AVX = 1 | AVX2 = 1 | AVX512 = 0 | AVX512_VBMI = 0 | AVX512_VNNI = 0 | FMA = 1 | NEON = 0 | ARM_FMA = 0 | F16C = 1 | FP16_VA = 0 | WASM_SIMD = 0 | BLAS = 1 | SSE3 = 1 | SSSE3 = 1 | VSX = 0 |
error loading model: llama_model_loader: failed to load model from /Users/ilanpinto/Library/Caches/llama_index/models/llama-2-13b-chat.ggmlv3.q4_0.bin
llama_load_model_from_file: failed to load model
maybe delete the cache folder
notice that the downloaded model is ggml, but we want a gguf model actually
this /Users/ilanpinto/Library/Caches/llama_index/models one?
what the diffrent between gguf and ggml?
Ggml was an old file type they stopped supporting
After 0.1.79 only gguf works
my colleuge Erik Jacobs says hi π
seems to work thank you!!!
got the same err π¦
File ~/miniconda3/lib/python3.11/site-packages/llama_cpp/llama.py:2111, in Llama.n_ctx(self)
2109 def n_ctx(self) -> int:
2110 """Return the context window size."""
-> 2111 return self._ctx.n_ctx()
File ~/miniconda3/lib/python3.11/site-packages/llama_cpp/llama.py:428, in _LlamaContext.n_ctx(self)
427 def n_ctx(self) -> int:
--> 428 assert self.ctx is not None
429 return llama_cpp.llama_n_ctx(self.ctx)
AssertionError:
I have no idea anymore tbh, I would have to spin up llama-cpp and debug, but I don't really have time at the moment π
I suggest getting it working without llama-index (loading and creating the model with llama-cpp directly), and then we can figure it out the differences from there
could that be related to jupyter?
I mean... maybe?
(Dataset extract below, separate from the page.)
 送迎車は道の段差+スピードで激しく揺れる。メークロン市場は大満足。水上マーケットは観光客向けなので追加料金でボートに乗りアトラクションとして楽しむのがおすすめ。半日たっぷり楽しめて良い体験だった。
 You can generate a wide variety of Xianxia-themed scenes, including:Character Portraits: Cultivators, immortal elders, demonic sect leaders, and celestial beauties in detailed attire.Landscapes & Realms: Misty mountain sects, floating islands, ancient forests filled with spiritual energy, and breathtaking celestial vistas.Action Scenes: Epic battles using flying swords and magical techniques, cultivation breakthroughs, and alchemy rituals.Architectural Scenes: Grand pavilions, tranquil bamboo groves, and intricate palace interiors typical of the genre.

Maybe try running in a .py
script and see if that makes a difference π
checking , in the meamwhile
another question
does the below version comaptible ?
llama-index==0.9.0
llama_cpp_python==0.2.18
ok just to santiy check, running this myself now. Downloading the model file currently
in a fresh env I installed llama-index and llama-cpp-python, and this code ran fine (abbreivated for reading)
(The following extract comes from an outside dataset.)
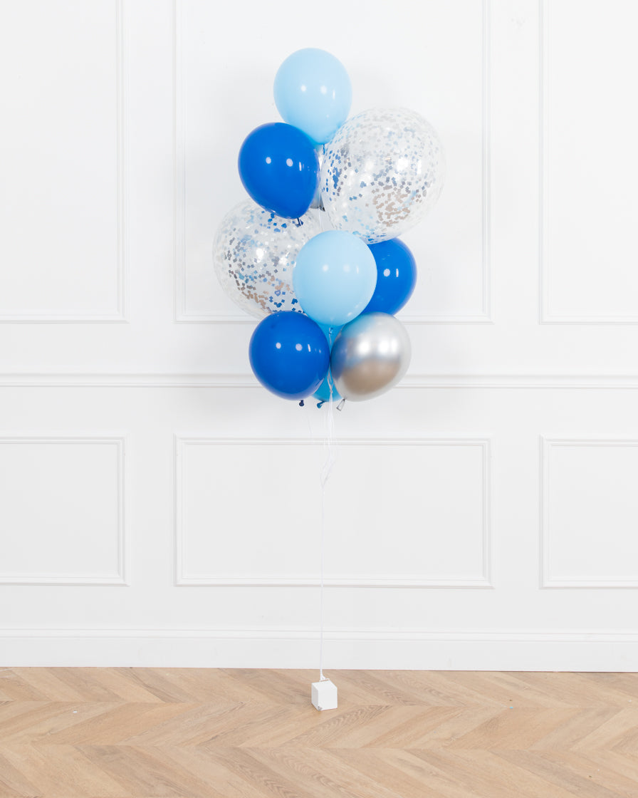 Bring plenty of shine to your corporate party with our classic confetti balloon bouquet. Personalize the look with your brand colors and use this for a holiday party, launch event or trade show. This product is Ready-To-Party™. Comes inflated and on a weight Simply unbag and enjoy!
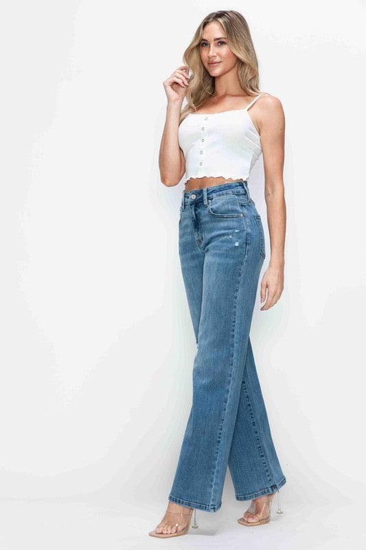bytos Full Size High Rise Wide Leg Jeans with Pockets

>>> from llama_index.llms.utils import resolve_llm
>>> llm = resolve_llm("local")
Downloading url https://huggingface.co/TheBloke/Llama-2-13B-chat-GGUF/resolve/main/llama-2-13b-chat.Q4_0.gguf to path /tmp/llama_index/models/llama-2-13b-chat.Q4_0.gguf
total size (MB): 7365.83
7025it [03:46, 31.02it/s]
llama_model_loader: loaded meta data with 19 key-value pairs and 363 tensors from /tmp/llama_index/models/llama-2-13b-chat.Q4_0.gguf (version GGUF V2)
...
AVX = 1 | AVX2 = 1 | AVX512 = 0 | AVX512_VBMI = 0 | AVX512_VNNI = 0 | FMA = 1 | NEON = 0 | ARM_FMA = 0 | F16C = 1 | FP16_VA = 0 | WASM_SIMD = 0 | BLAS = 0 | SSE3 = 1 | SSSE3 = 1 | VSX = 0 |
Then
>>> llm.complete("Hello!")
llama_print_timings: load time = 9481.09 ms
llama_print_timings: sample time = 23.21 ms / 78 runs ( 0.30 ms per token, 3361.05 tokens per second)
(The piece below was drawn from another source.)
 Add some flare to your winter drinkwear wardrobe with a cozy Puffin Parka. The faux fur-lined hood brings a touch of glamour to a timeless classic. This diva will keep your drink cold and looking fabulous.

llama_print_timings: prompt eval time = 9480.97 ms / 67 tokens ( 141.51 ms per token, 7.07 tokens per second)
llama_print_timings: eval time = 29942.15 ms / 77 runs ( 388.86 ms per token, 2.57 tokens per second)
llama_print_timings: total time = 39609.32 ms
CompletionResponse(text=" Hello! I'm here to assist you with any questions or tasks you may have. Please feel free to ask me anything, and I will do my best to provide a helpful and accurate response. I am programmed to be respectful, honest, and to follow all given instructions. Please go ahead and ask your question or provide the task you would like me to complete.", additional_kwargs={}, raw={'id': 'cmpl-90b687a9-13f8-4428-ac0f-2437c7cd173b', 'object': 'text_completion', 'created': 1700170879, 'model': '/tmp/llama_index/models/llama-2-13b-chat.Q4_0.gguf', 'choices': [{'text': " Hello! I'm here to assist you with any questions or tasks you may have. Please feel free to ask me anything, and I will do my best to provide a helpful and accurate response. I am programmed to be respectful, honest, and to follow all given instructions. Please go ahead and ask your question or provide the task you would like me to complete.", 'index': 0, 'logprobs': None, 'finish_reason': 'stop'}], 'usage': {'prompt_tokens': 67, 'completion_tokens': 77, 'total_tokens': 144}}, delta=None)
Maybe start over with a fresh venv π
now i have other errors but i think i can handle it
thank you very much!!! @Logan M
Awesome, sounds good! (Well, not good, but better!)